In the conventional SCCS, we compared the incidence rate of first MI during risk periods with the baseline within an observation period. The observation period started from 1 year after the patient entered the database (cohort entry) and ended at the earliest of the study end date, death or receiving any non-oral or inpatient PPI therapy after the first oral outpatient PPI therapy. To investigate the short-term cardiovascular risk of PPIs, we defined risk periods as follows: Days 1–14, Days 15–30 and Days 31–60 since the prescription start date (prescription date). To correct the estimates if the exposure is event dependent, we included a 14-day pre-exposure period before each prescription. All other periods were defined as baseline (Supplementary Figure S1, available as Supplementary data at IJE online). Any remaining exposed time longer than the predefined risk periods (i.e. exposed time to PPIs from Days 61+ if a PPI prescription was longer than 60 days) were removed from baseline.

We repeated the conventional SCCS analysis using H₂RAs as exposure because H₂RAs share similar indications to PPIs. Based on the current evidence, no plausible biological mechanism suggests that H₂RAs may lead to MI. We searched PubMed on 5 May 2022 using keywords and Boolean operators: (histamine 2 receptor antagonists or cimetidine or famotidine or nizatidine or ranitidine) and (myocardial infarction or heart attack), yielding 76 studies. Of them, only two studies were identified to be relevant to the potential mechanism, if any. Results showed that H₂ receptor activation could exacerbate myocardial injury.¹ One study demonstrated a protective effect of histamine against myocardial injury for an H₂RA.² However, no clinical studies have been found to support such association. Therefore, any positive association found might imply that it could be attributed to symptoms that prompted the use of antacids and which were also risk factors for MI. We randomly selected a subset of patients who had H₂RAs during the study period, to match the same number of identified PPI users. The inclusion and exclusion criteria and definitions of risk periods and observation period were the same as those in the analysis for PPIs. A patient could be included in both PPI and H₂RA cohorts (3.3%).
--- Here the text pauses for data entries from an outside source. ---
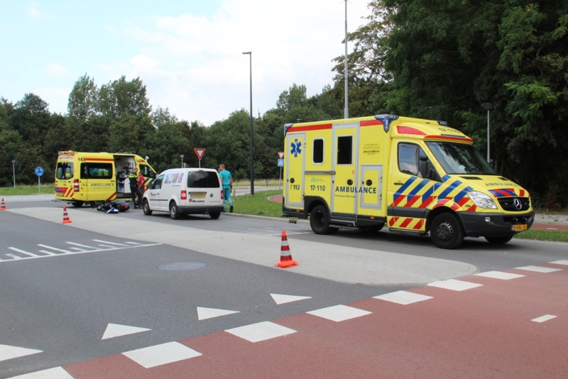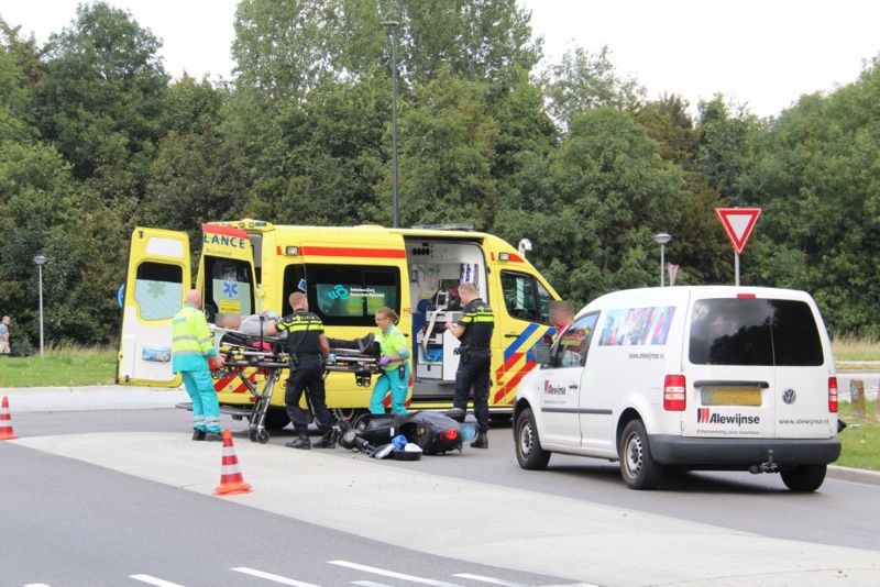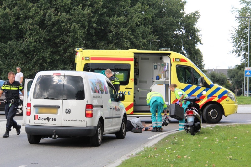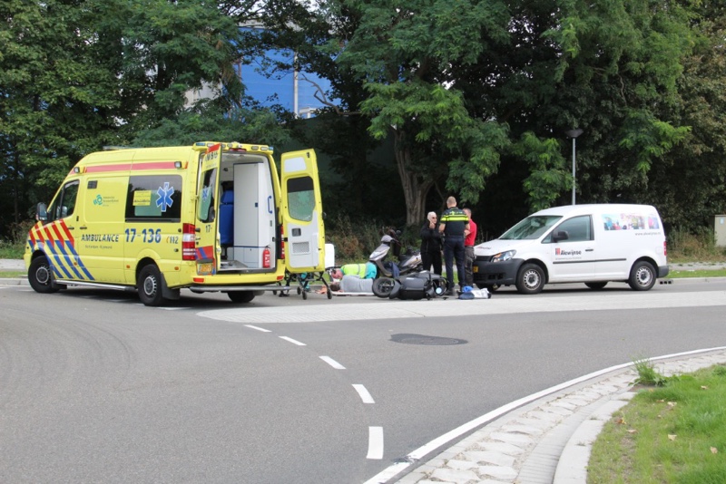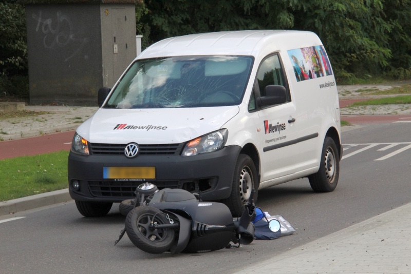 Schiedam – Na een aanrijding met een auto is donderdagmiddag een bestuurder van een snorscooter gewond geraakt op de Admiraal de Ruyterstraat.
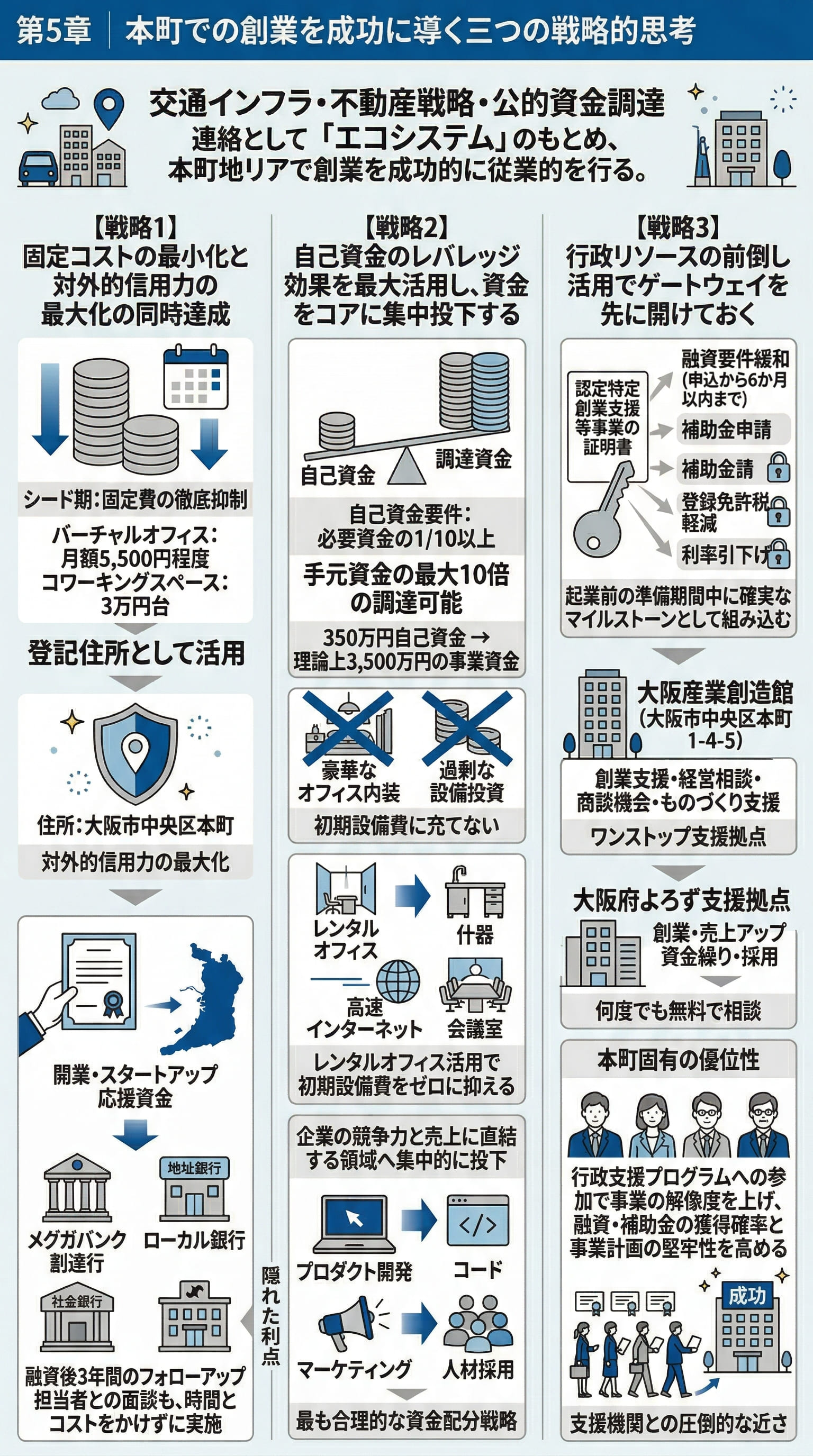 「大阪市中央区本町」という住所を持つことで、大阪府・大阪市の「開業・スタートアップ応援資金」への申し込みを堂々と行えます。また、本町エリアにはメガバンク・地方銀行・信用金庫の支店や商工会議所の拠点が高密度に集積しているため、融資後3年間のフォローアップ担当者との面談も、時間とコストをほとんどかけずに実施できます。
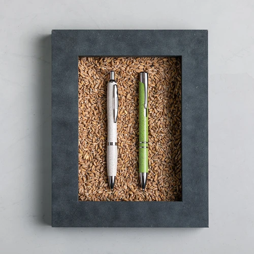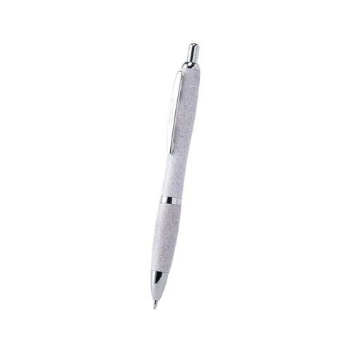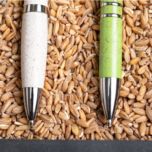 Bolígrafo de línea nature con cuerpo en caña de trigo, para así fomentar la utilización de materias primas naturales y reducir las emisiones contaminantes. De mecanismo pulsador, con detalles cromados y clip troquelado, cartucho jumbo y tinta azul. Disponible en variada gama de colores.
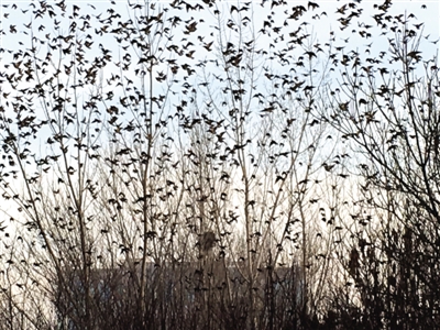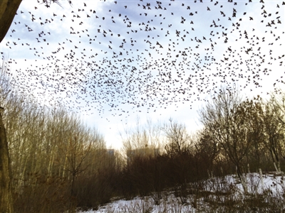 2015年12月30日下午,我在銀川市興慶區(qū)北塔公園游覽。走到北塔東北的樹林邊,突然看見一棵有些怪異的樹——數(shù)九寒冬,為何還有這么多樹葉?仔細(xì)一瞧,哪是什么樹葉,是數(shù)千只麻雀在樹上“開會”。密密麻麻,嘰嘰喳喳,無拘無束。我拿出手機,剛拍了幾張,不知是聽了什么號令,麻雀們“散會”了,瞬間全部飛向藍(lán)天,一個個狀如小飛機??吹贸觯槿競兺ο矚g銀川,活得挺自在。(通訊員 蓮子)
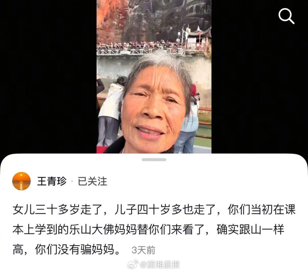 【“和课本说的一样高,你们没有骗妈妈” ,#72岁老母亲替离世儿女看乐山大佛#,网友评论暖爆】#课本上的乐山大佛妈妈替你们来看了#“女儿三十多岁走了,儿子四十岁多也走了。你们初中在课本上学到的乐山大佛妈妈替你们来看了,确实跟山一样高,你们没有骗妈妈。”
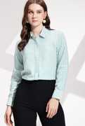 Step into effortless elegance with Lyla Fashion’s full-sleeve striped shirt, crafted in premium polyester for a sleek, wrinkle-resistant finish. With its flattering hip-length cut and timeless stripe pattern, this piece blends modern charm with everyday ease. Designed to transition seamlessly from summer to winter, it’s perfect for layering, styling solo, or dressing up with accessories. A truly aesthetic wardrobe essential that works all year round.
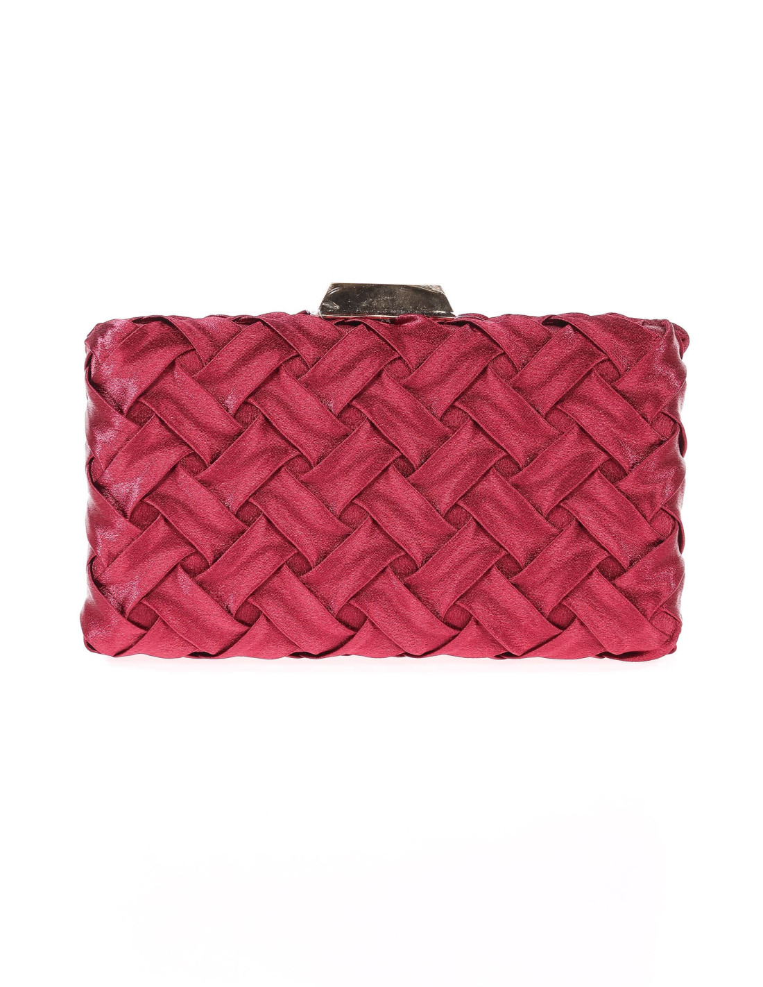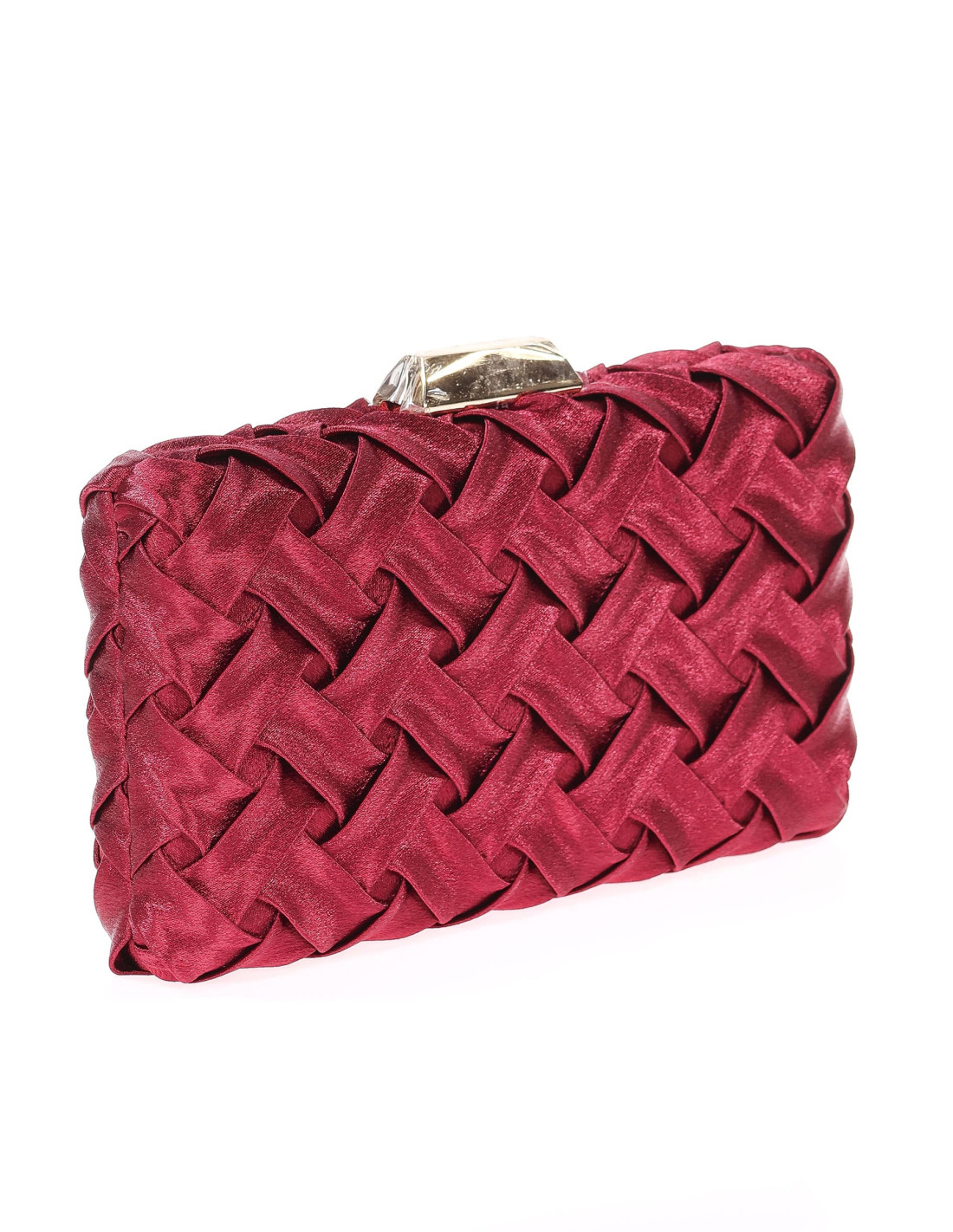 - Diseño: Clutch rectangular con detalles de tejido entrelazado que crea una textura elegante y distintiva.
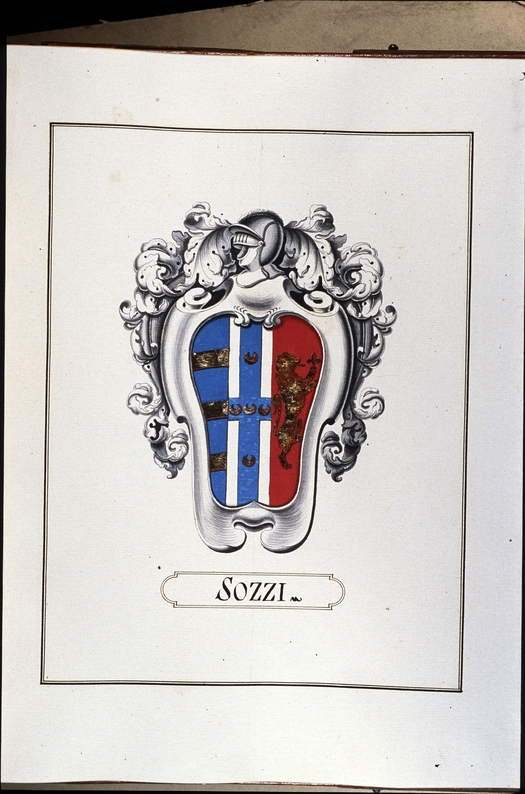Interzato in palo: nel 1° d'azzurro, a tre fasce d'oro; nel 2° d'argento, alla croce d'azzurro caricata di cinque crescenti montanti d'oro, 1.3.1; nel 3° di rosso, al leone rivolto d'oro tenente un giglio dello stesso.
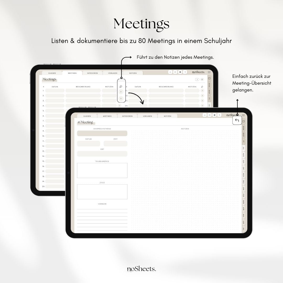 Der Schuljahresplaner für alle, die ihren Alltag gerne digital organisieren: Mit dem NoSheets Lehrerkalender 2026/27 behältst du Unterricht, Termine, Noten und Aufgaben mühelos im Blick – auf Tablet oder Laptop.
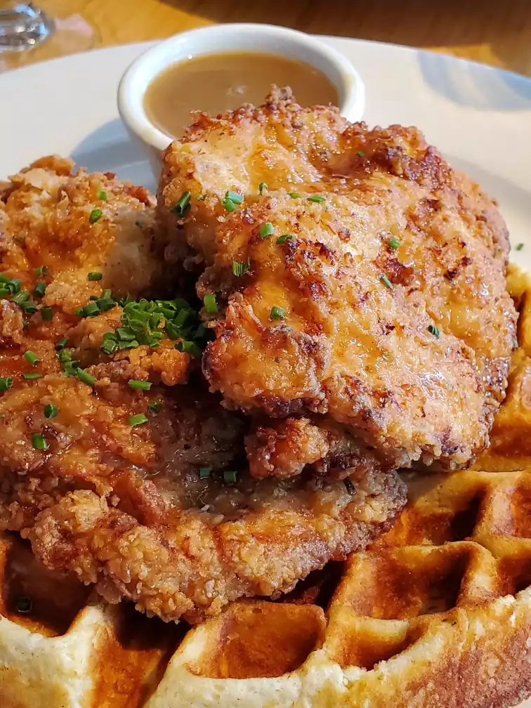 We made dinner reservations as it was February and we didn't want to waste valuable time on a short trip waiting in line for brunch. My husband was excited to go for their chicken and waffles, and their milkshakes. While the food was fine, (I had the buttermilk fried chicken dinner) and plentiful, it wasn't anything special. We wouldn't have waited in the cold for it, and we were disappointed that we wasted one of only three dinners on a four-day trip on this restaurant. I would have chosen a breakfast item (which they're known for) but the options I wanted was only available in the AM.
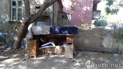 Скитническата бърлога е близо до изоставена сграда, чийто двор от години е препълнен с отпадъци.

We estimated incidence rate ratios (IRR) with age adjustment by dividing all periods into 5-year age bands, using conditional Poisson regression. Where there were treatment breaks of ≤30 days, patients were assumed to be exposed to PPIs/H₂RAs continuously, accounting for any potential medication stockpiling and non-adherence.

Novel SCCS using an active comparator

This study method has been used to study the association between penicillin and venous thromboembolism, using roxithromycin as comparator, and has been shown to mitigate time-varying confounding by indication.¹⁹ In our study, using the IRRs for PPIs and H₂RAs estimated separately in the conventional SCCS, we further estimated the comparator-adjusted IRRs with the novel SCCS method using both the simple ratio approach and effect modifier approach.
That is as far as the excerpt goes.